Nice! Is there an overview on how it works out so far on the different platforms?

Not yet. :)

So far the surfman backend is only meant for use on Android, Linux, and MacOS. I've only tested it on Linux with X11, though Wayland is also supported. @hecrj was unfortunately having some issues ( https://github.com/servo/surfman/issues/173 ) with surfman, but that appears to be a problem with surfman itself, and not the GL backend.

WGPU is going to be the best way to test the functionality of the GL backend and because there are already a collection of projects built on WGPU, it will give us a lot of opportunity to test it in different situations. Currently a good chunk of the wgpu examples are failing ( https://github.com/gfx-rs/wgpu/issues/450#issuecomment-612514358 ) with it, but the cube and triangle examples are working.

Also of note, on my machine, I did notice that when using surfman and running the gfx quad example, the screen would show black for just a second before appearing while the glutin version would be displaying the quad as soon as the window was on the screen.

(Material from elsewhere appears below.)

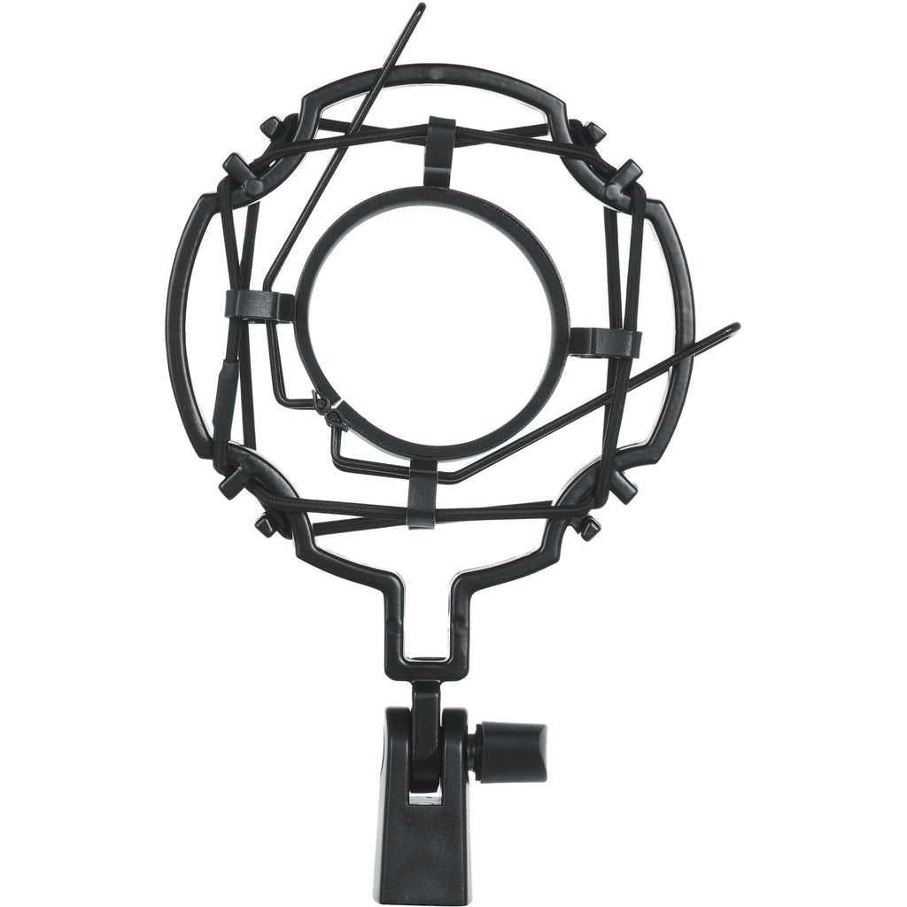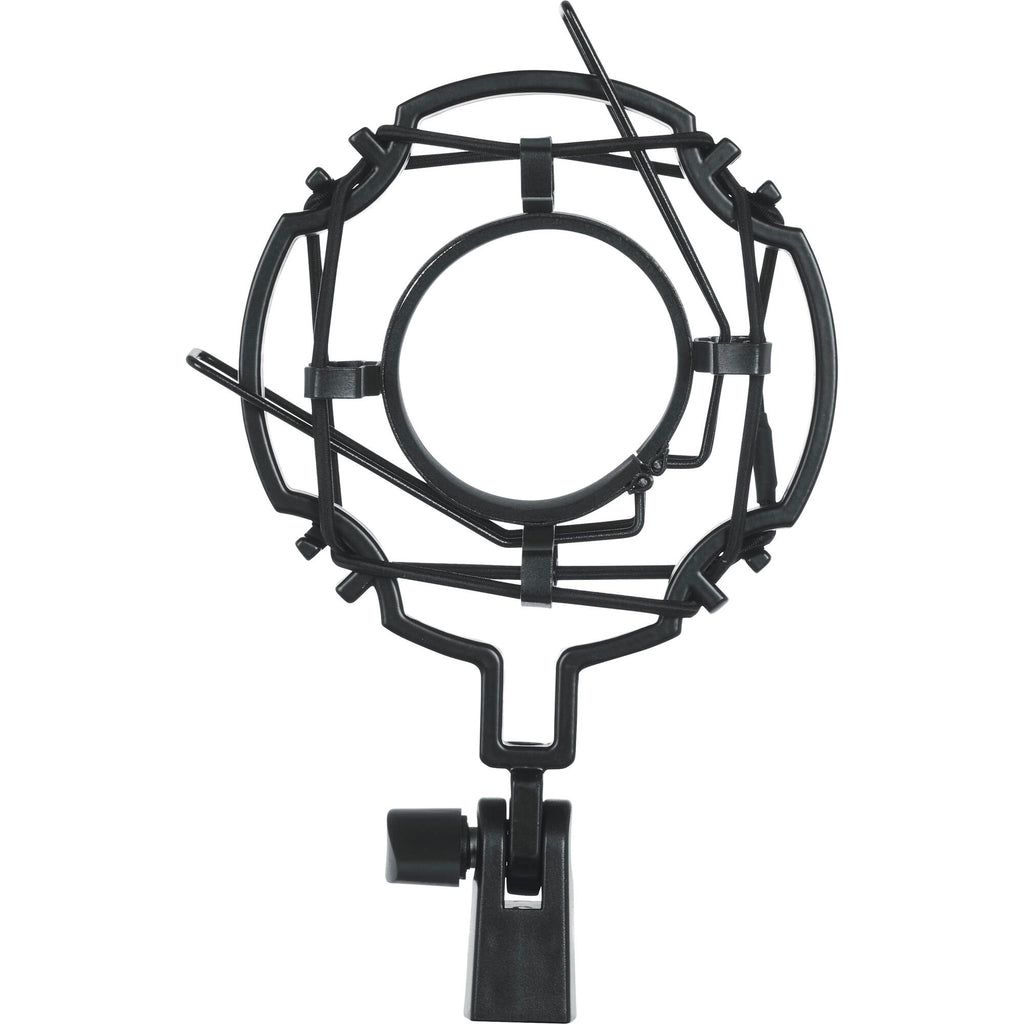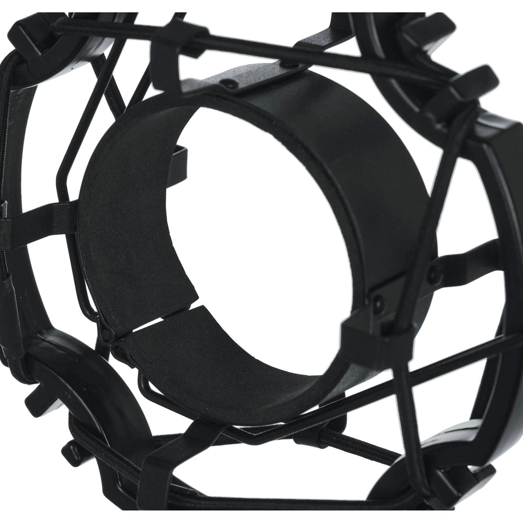 The black, powder coated steel mount features an angle-adjustable 5/8-27" thread ready to attach to a standard mic stand. The inner ring that secures the microphone adjusts to accommodate larger studio mics ranging from 55 to 60mm (2.17 to 2.36") in diameter. A sturdy spring clip opens and closes the ring while an EVA foam interior protects the mic from scratches.

I'm not sure if that is a real concern or not, but I figured I'd mention it.

@zicklag now I don't understand how and why #3151 worked, given our recent discovery of the lack of sharing in https://github.com/pcwalton/surfman/issues/65 . Do you know?

I'm also no longer sure about the benefit surfman brings to the table, given the problems we encountered, and the fact it still requires a blit to the surface. We were doing the same thing with glutin, which were just missing the proper context sharing, which is already exposed there. So it would be much easier to get that going.

I suspect one difference is that Glutin is based on Winit, and that is precisely what we don't need in the backend. Is that it? (cc @msiglreith )

@zicklag now I don't understand how and why #3151 worked, given our recent discovery of the lack of sharing in pcwalton/surfman#65 . Do you know?

I'm not sure, but I suspect that the context that we crated for the surface that is bound to the window, ended up being the current context for the whole duration of the rendering pass ( if render pass is the right term ). So instead of rendering to a shared context, and doing a blit onto the window's context before presentation, we were just rendering directly to the window's context the whole time. Which would explain why it stopped working when we tried to make sure the context we wanted to be current was the current one on dereference.